*Prompt*. Only the lines from the one that contains "ここでは、データウェアハウス" to the last line below, both included, should be transcribed. Pictures stay out of the copy.

++++++

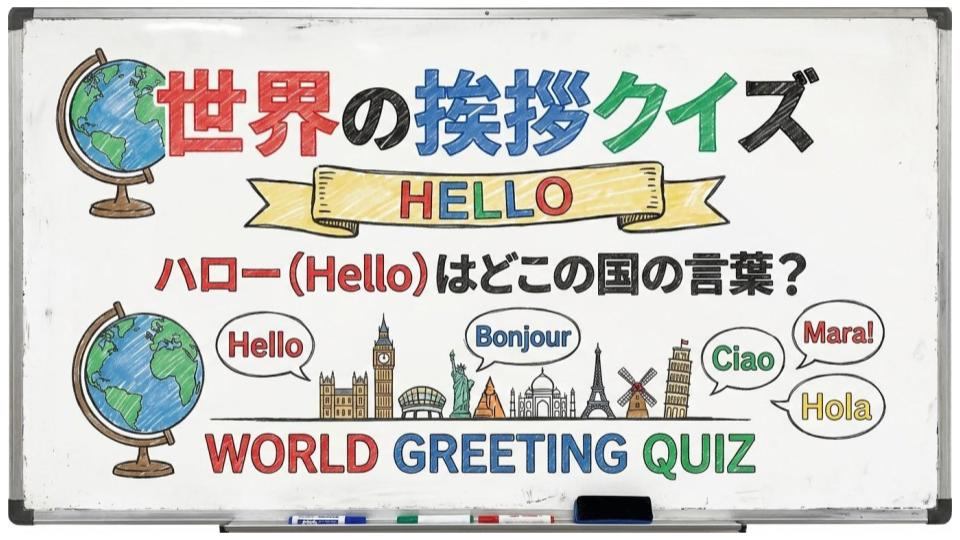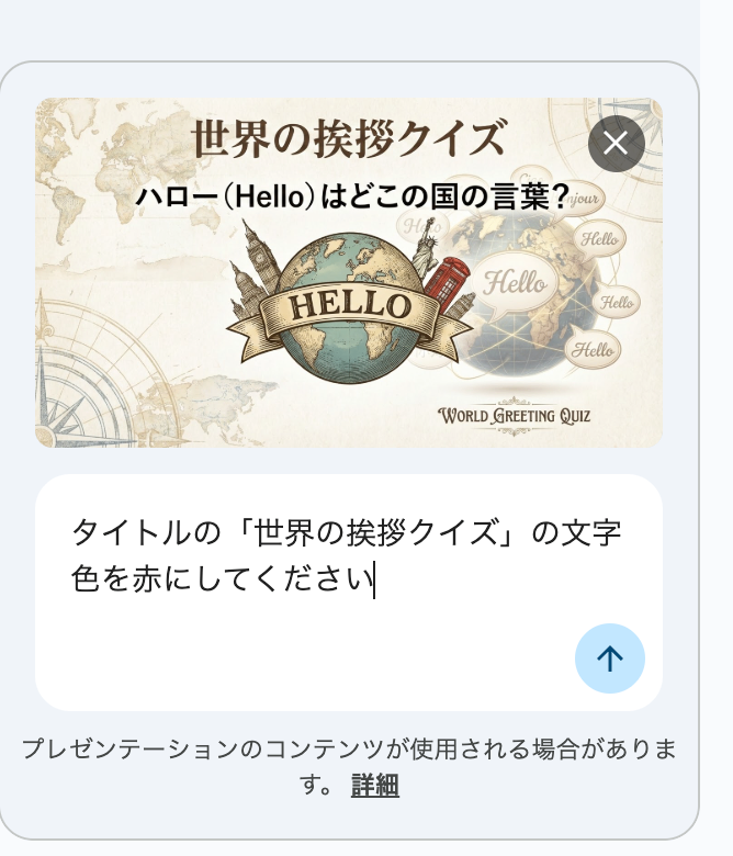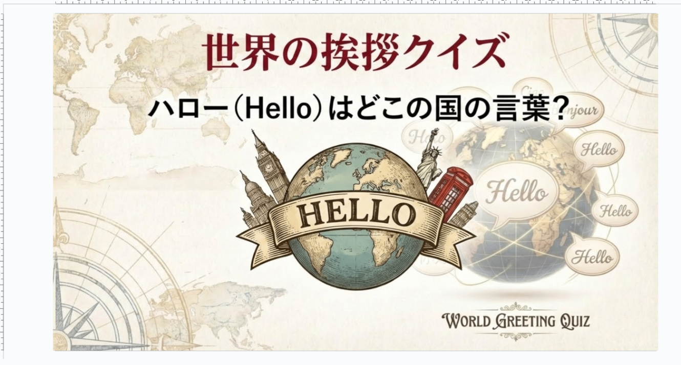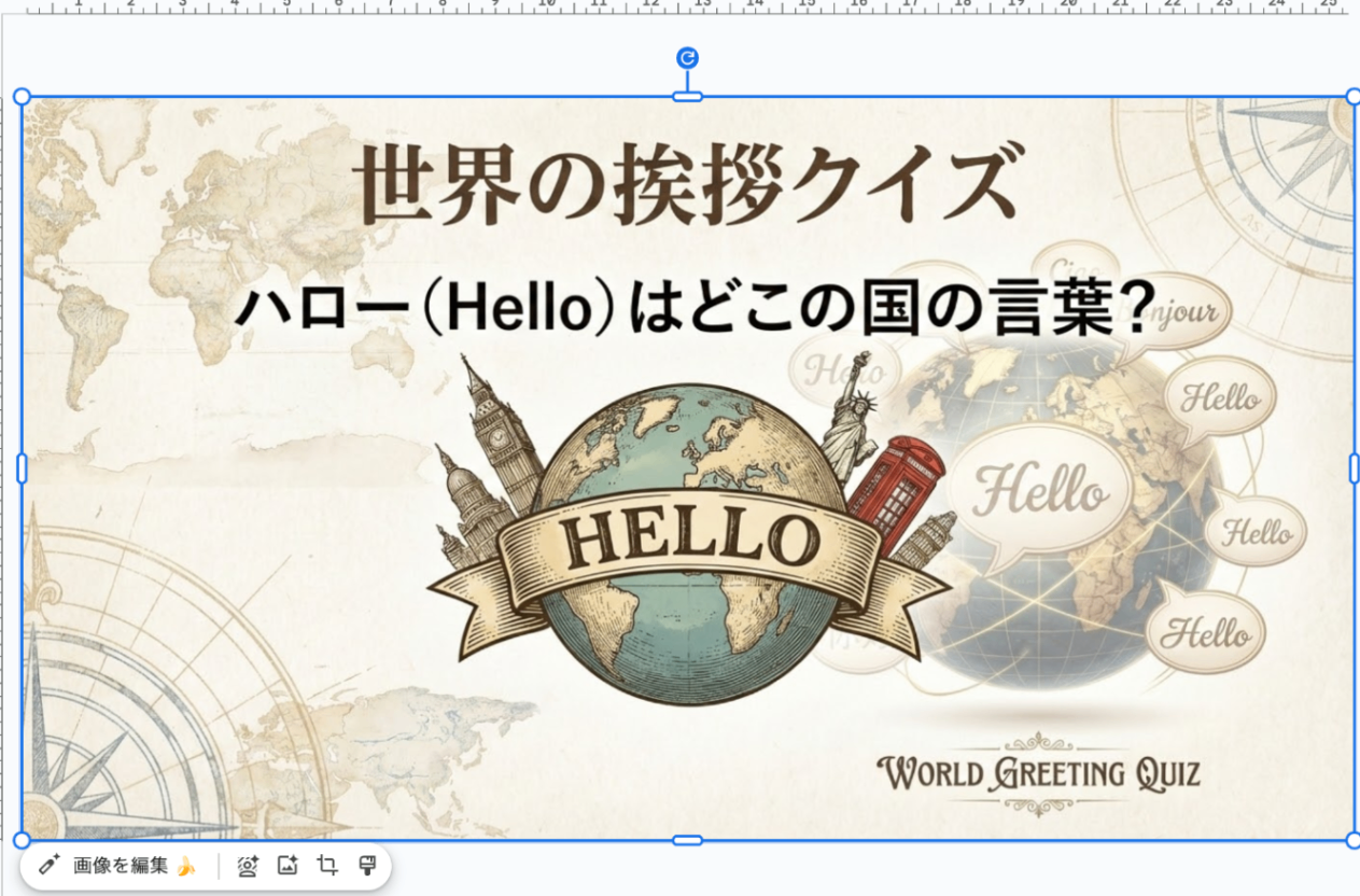 今回は例として「世界の挨拶クイズ」というスライドを作ってみます。
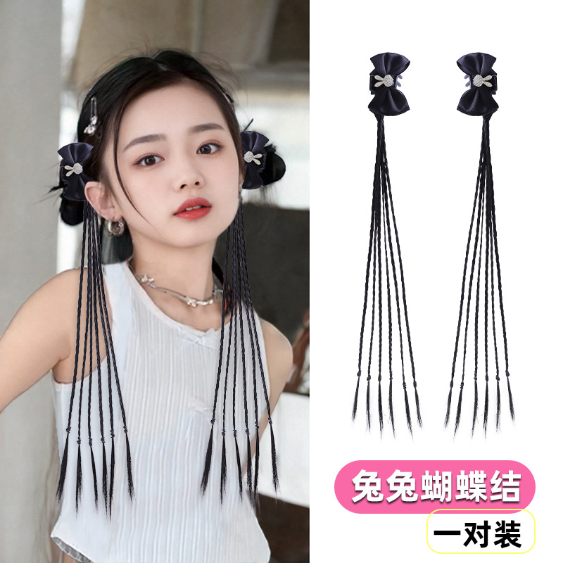 • 4#검은색 활 가발 브레이드 1쌍
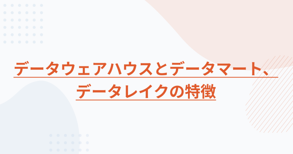 ここでは、データウェアハウス、データマート、データレイクのそれぞれの特徴を解説します。
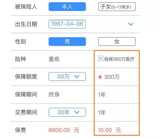 如截图所示,附加300万医疗险,30岁男性首年只需10元,做到这么低的秘诀是免赔额等于保额,所以如果第一次患病后,重疾险的保额不足以支付医疗费用,那么医疗险还可以继续报销。不管用不用的上,这便宜的价格也算是值了!
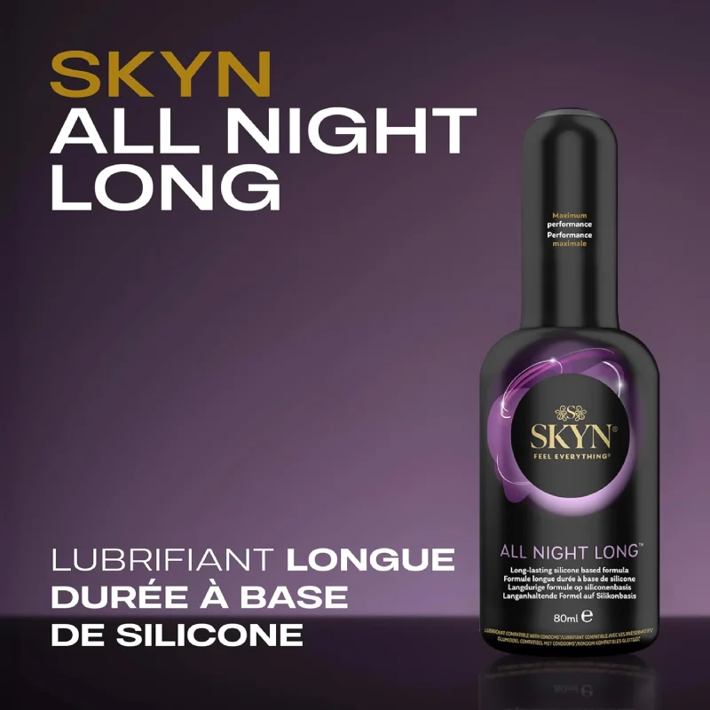Un lubrifiant silicone est souvent choisi pour sa tenue plus longue et sa texture conçue pour durer. Il peut être particulièrement apprécié lorsque l’on souhaite une glisse plus continue et un confort prolongé. Pour les utilisateurs à la recherche d’un lubrifiant intime longue durée compatible avec les préservatifs, SKYN All Night Long 80 mL constitue une option simple, efficace et facile à utiliser.

++++++

*Response below*.
 ここでは、データウェアハウス、データマート、データレイクのそれぞれの特徴を解説します。
 如截图所示,附加300万医疗险,30岁男性首年只需10元,做到这么低的秘诀是免赔额等于保额,所以如果第一次患病后,重疾险的保额不足以支付医疗费用,那么医疗险还可以继续报销。不管用不用的上,这便宜的价格也算是值了!
Un lubrifiant silicone est souvent choisi pour sa tenue plus longue et sa texture conçue pour durer. Il peut être particulièrement apprécié lorsque l’on souhaite une glisse plus continue et un confort prolongé. Pour les utilisateurs à la recherche d’un lubrifiant intime longue durée compatible avec les préservatifs, SKYN All Night Long 80 mL constitue une option simple, efficace et facile à utiliser.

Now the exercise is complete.